As a jury on Tuesday found former Minneapolis Police officer Derek Chauvin guilty of murdering George Floyd, Washington state was poised to enact some important police reforms.
But lawmakers shrank from a critical bill that would have ensured that law enforcement officers who abuse their authority aren’t put back on the job. Next session, they must remove police disciplinary matters from collective bargaining. It is the key that will unlock the full potential of this session’s important work.
Bills on their way to the governor’s desk would establish a public use-of-force database, require a state auditor review to ensure deadly force investigations were properly conducted, compel officers to intervene when they witness a colleague using excessive force and make it easier for victims to sue for damages.
Not far behind is a bill expanding the grounds for decertifying police and corrections officers and requiring agencies to report separation and disciplinary matters to the Criminal Justice Training Commission. A legislative conference committee is expected to negotiate lingering differences in House and Senate bills prohibiting police use of chokeholds, neck restraints, tear gas and no-knock warrants.
These bills are the products of robust community engagement and a sense of urgency inspired by the inexcusable deaths of Floyd, Breonna Taylor and, locally, Manuel Ellis, who died of oxygen deprivation in a March 3, 2020, encounter with Tacoma Police.
But the impact of this new legislation is muted somewhat by the Democratic-controlled Legislature’s failure to flout union pressure, and empower police chiefs and sheriffs to purge bad officers from their departments.
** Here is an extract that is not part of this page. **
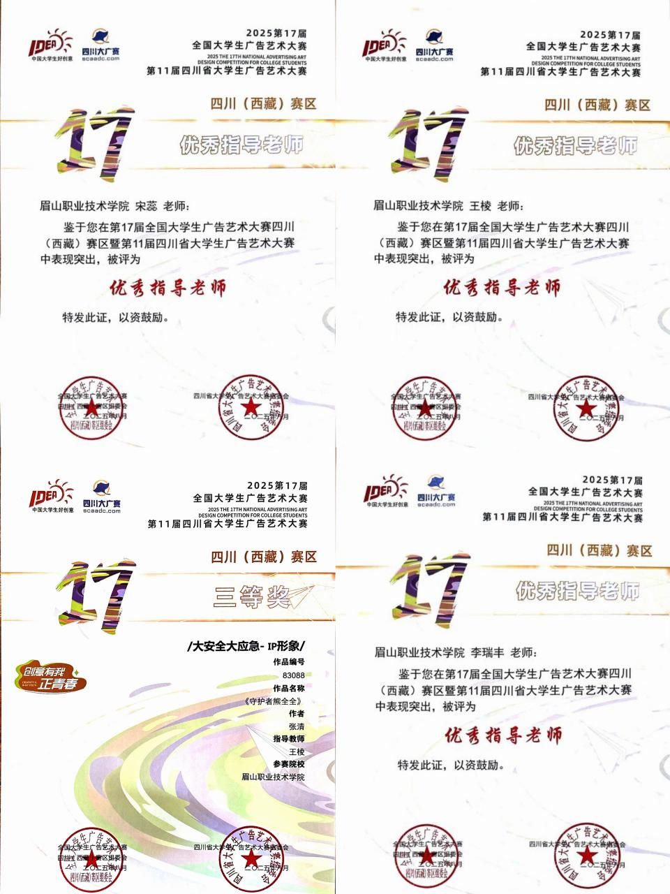 本届大赛迎来重要机制革新,相较往年取消优秀奖设置,仅保留等级奖项,大幅提升了获奖门槛与竞争激烈程度。在高标准、高压力的赛事环境中,我校学子在教育与文化传媒学院王棱、李瑞丰、宋蕊、王卉四位教师的精心指导下,精准把握赛事导向,深耕创作细节,展现出强劲的专业竞争力。其中,蒋婷婷、刘欣雨、柏婉欣团队的《扭出新世界》、郭容菲与古小芳的《星安e消防工作日常》凭借独特创意与精良呈现斩获一等奖;张清的《守护者熊全全》、徐酒与林梦平的《堆堆》、熊仁雨的《纳爱斯养龈健齿牙膏系列包装设计》、郭影与王芯语的《三福—解锁生活的W种脚本》荣获二等奖;吴静的《矿山小精灵“矿啾啾”》、屈佳莹与李靓的《火扑扑表情包》、张馨月与唐悦的《草本色彩交响曲》、王媛与杨佳欣的《摊面与纳爱斯》、蔡东伯与李仁宣的《禁区快门》、黄群清的《文创添彩,忠诚筑防:山河壮丽新篇》及张清的《守护者熊全全》获评三等奖。

The Senate Labor, Commerce & Tribal Affairs committee sat on Senate Bill 5134, which would have done just that, in the face of opposition from law enforcement unions and other labor groups.
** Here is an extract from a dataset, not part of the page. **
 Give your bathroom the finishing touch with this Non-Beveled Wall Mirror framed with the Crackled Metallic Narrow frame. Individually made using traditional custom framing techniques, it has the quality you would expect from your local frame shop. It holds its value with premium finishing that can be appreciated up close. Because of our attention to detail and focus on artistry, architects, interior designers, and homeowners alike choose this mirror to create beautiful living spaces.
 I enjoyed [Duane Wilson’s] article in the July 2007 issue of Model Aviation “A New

On April 7, Gov. Jay Inslee signed into law a weaker bill intended to make such arbitration more consistent and transparent. SB 5055 creates a statewide roster of arbitrators appointed by the Public Employment Relations Commission to hear disputes of any disciplinary action, discharge or termination covered by law enforcement collective bargaining agreements. The commission will post arbitrators’ decisions on its website, redacting the names of grievants and witnesses. It isn’t enough.
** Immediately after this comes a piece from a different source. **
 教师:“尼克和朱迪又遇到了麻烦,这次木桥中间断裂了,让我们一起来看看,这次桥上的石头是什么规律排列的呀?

The year of protests spurred by Floyd’s murder has proven that police misconduct is a vital matter of public interest, fundamentally different from working conditions. There is no justification for discipline to be subject to arbitration. Labor groups are wrong to believe that SB 5134 represented a threat to workers’ rights.
Legislative leaders do a disservice to victims and survivors tby stopping short of holding bad cops accountable for fear of eroding collective bargaining.
Regardless of whether unions have a change a heart next year, lawmakers must find the political will to get it done.